The records:
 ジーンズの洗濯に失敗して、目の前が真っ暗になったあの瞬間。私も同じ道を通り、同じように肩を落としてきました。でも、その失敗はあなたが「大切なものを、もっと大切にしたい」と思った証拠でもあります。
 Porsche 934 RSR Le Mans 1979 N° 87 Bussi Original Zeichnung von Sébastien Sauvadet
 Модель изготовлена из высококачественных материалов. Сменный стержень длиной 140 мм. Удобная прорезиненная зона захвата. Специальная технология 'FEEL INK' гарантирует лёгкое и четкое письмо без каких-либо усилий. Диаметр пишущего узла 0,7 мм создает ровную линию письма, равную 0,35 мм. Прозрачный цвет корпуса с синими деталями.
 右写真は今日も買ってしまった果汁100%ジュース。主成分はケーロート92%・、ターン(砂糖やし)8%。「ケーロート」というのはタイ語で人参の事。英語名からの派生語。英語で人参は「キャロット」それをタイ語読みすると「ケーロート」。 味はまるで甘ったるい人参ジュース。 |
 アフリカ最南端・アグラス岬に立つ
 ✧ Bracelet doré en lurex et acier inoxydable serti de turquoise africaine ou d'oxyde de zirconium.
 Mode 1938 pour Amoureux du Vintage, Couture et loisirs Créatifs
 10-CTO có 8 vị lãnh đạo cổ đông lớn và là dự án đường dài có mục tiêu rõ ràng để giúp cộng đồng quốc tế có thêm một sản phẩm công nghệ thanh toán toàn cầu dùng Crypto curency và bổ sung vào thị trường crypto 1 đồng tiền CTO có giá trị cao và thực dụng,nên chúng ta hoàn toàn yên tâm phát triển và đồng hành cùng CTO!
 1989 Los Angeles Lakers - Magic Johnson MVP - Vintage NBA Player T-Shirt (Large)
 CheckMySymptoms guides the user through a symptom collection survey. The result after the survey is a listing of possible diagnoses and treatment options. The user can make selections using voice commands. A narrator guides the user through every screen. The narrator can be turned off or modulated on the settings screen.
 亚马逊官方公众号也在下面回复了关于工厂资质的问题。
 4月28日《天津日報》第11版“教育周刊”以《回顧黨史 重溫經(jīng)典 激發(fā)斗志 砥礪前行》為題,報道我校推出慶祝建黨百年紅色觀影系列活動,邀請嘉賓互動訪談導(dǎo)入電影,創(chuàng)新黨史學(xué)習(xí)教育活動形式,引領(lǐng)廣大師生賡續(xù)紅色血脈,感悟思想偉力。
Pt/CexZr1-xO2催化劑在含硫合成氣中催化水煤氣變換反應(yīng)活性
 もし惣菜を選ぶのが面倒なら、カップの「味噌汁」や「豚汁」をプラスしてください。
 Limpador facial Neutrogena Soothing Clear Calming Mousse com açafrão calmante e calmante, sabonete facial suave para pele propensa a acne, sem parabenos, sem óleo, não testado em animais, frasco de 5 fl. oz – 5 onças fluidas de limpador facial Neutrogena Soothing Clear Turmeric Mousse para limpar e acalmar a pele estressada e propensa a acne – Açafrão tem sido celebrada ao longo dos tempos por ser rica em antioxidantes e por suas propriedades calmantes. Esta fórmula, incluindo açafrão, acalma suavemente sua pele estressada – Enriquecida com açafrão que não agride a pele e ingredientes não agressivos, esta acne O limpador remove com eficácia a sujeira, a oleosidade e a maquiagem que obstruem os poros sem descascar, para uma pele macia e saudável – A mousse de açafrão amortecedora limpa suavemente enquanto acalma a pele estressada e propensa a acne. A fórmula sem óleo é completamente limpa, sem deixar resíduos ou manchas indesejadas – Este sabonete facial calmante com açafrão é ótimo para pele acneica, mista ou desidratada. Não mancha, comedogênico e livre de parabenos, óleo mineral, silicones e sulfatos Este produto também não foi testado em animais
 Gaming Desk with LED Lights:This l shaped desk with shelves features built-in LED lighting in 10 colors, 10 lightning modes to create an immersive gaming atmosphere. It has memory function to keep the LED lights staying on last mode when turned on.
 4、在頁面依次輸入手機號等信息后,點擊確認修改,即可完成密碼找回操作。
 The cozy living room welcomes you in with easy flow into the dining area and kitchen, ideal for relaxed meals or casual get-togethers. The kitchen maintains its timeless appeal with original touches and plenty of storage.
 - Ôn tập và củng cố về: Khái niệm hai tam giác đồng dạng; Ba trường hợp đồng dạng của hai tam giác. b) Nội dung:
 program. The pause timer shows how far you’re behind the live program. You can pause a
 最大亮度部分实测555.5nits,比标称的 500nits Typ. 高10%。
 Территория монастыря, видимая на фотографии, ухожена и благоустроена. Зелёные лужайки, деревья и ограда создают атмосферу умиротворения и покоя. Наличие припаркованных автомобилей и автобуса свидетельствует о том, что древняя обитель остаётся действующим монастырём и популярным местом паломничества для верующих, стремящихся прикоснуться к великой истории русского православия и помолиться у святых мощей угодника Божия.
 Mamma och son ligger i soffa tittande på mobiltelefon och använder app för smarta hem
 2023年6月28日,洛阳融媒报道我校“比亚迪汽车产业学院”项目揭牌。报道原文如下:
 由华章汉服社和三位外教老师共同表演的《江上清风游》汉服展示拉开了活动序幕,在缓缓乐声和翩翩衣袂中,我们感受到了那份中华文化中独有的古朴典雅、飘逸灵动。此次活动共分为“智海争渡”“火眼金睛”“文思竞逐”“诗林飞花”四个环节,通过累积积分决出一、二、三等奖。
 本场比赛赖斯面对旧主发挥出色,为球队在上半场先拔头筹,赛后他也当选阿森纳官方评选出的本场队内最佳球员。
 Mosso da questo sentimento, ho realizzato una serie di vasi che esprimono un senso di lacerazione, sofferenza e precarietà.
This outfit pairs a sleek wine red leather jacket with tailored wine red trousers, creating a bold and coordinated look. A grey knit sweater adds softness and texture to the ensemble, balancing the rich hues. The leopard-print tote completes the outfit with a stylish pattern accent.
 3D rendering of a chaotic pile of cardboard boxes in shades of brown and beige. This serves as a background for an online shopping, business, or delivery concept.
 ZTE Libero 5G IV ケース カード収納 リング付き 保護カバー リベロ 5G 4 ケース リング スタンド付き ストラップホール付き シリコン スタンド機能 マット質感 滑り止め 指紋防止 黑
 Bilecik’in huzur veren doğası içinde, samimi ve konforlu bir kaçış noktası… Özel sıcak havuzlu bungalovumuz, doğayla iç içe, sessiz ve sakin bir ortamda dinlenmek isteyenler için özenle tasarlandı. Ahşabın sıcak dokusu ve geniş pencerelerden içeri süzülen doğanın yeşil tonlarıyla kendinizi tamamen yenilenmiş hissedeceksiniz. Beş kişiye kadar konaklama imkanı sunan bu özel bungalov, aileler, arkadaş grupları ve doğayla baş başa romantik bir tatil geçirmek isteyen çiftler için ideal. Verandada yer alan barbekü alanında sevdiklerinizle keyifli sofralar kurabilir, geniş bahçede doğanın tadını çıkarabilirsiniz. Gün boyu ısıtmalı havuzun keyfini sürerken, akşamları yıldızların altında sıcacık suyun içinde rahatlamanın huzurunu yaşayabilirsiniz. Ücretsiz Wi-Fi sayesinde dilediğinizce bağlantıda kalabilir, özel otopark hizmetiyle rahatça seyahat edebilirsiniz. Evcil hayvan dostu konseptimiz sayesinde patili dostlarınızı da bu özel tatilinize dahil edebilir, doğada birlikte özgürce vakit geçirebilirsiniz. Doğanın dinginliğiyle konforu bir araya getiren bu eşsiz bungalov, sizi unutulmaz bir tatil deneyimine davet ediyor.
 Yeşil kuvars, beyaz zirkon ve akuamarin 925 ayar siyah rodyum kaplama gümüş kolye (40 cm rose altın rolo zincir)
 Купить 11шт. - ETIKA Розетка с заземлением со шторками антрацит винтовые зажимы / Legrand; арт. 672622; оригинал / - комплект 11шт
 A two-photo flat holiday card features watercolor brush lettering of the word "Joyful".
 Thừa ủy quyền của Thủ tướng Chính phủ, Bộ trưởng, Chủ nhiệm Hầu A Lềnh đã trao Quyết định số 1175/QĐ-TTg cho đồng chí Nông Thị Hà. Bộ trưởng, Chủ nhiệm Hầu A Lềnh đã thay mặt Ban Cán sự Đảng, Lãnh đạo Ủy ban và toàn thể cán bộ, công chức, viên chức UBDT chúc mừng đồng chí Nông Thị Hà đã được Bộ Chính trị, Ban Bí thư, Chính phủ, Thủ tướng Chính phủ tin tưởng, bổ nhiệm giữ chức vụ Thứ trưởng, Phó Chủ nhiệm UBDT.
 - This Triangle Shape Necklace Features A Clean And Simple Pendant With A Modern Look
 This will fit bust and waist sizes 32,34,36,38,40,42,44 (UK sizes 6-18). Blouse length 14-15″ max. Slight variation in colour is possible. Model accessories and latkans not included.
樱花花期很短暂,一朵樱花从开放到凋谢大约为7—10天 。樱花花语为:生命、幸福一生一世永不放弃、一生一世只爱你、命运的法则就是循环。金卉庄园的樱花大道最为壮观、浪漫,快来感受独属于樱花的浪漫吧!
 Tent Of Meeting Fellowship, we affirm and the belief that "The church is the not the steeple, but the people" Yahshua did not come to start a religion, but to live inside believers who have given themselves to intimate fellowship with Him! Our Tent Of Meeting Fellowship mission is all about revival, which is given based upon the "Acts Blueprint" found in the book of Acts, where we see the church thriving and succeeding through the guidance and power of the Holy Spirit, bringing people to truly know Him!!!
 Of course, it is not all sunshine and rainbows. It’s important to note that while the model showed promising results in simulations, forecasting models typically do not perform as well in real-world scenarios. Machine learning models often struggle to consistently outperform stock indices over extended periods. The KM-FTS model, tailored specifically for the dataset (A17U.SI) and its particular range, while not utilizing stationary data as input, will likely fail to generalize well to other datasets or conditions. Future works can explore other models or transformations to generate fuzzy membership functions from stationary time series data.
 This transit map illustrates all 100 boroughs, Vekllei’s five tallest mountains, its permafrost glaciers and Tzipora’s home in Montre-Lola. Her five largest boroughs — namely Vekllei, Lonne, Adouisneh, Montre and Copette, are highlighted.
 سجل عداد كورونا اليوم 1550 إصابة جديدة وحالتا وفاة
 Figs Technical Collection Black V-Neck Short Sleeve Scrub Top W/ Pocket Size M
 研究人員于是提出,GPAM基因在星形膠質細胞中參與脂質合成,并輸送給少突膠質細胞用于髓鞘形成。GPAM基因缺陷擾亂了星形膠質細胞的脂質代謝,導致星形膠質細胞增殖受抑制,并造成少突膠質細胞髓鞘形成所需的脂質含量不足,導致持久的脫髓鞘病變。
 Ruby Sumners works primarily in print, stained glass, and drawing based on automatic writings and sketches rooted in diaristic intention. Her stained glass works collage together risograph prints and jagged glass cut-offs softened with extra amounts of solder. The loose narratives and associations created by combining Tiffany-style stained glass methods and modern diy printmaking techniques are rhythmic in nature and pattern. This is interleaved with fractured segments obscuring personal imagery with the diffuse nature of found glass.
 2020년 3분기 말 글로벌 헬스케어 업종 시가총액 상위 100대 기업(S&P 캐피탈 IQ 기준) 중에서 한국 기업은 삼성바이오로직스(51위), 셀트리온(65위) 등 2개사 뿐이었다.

What the exercise asks: Reproduce only the lines above, starting at the line with "d'oxyde de zirconium." and ending at the line with "Mode 1938 pour", exactly as written.

Solution to this problem:
 ✧ Bracelet doré en lurex et acier inoxydable serti de turquoise africaine ou d'oxyde de zirconium.
 Mode 1938 pour Amoureux du Vintage, Couture et loisirs Créatifs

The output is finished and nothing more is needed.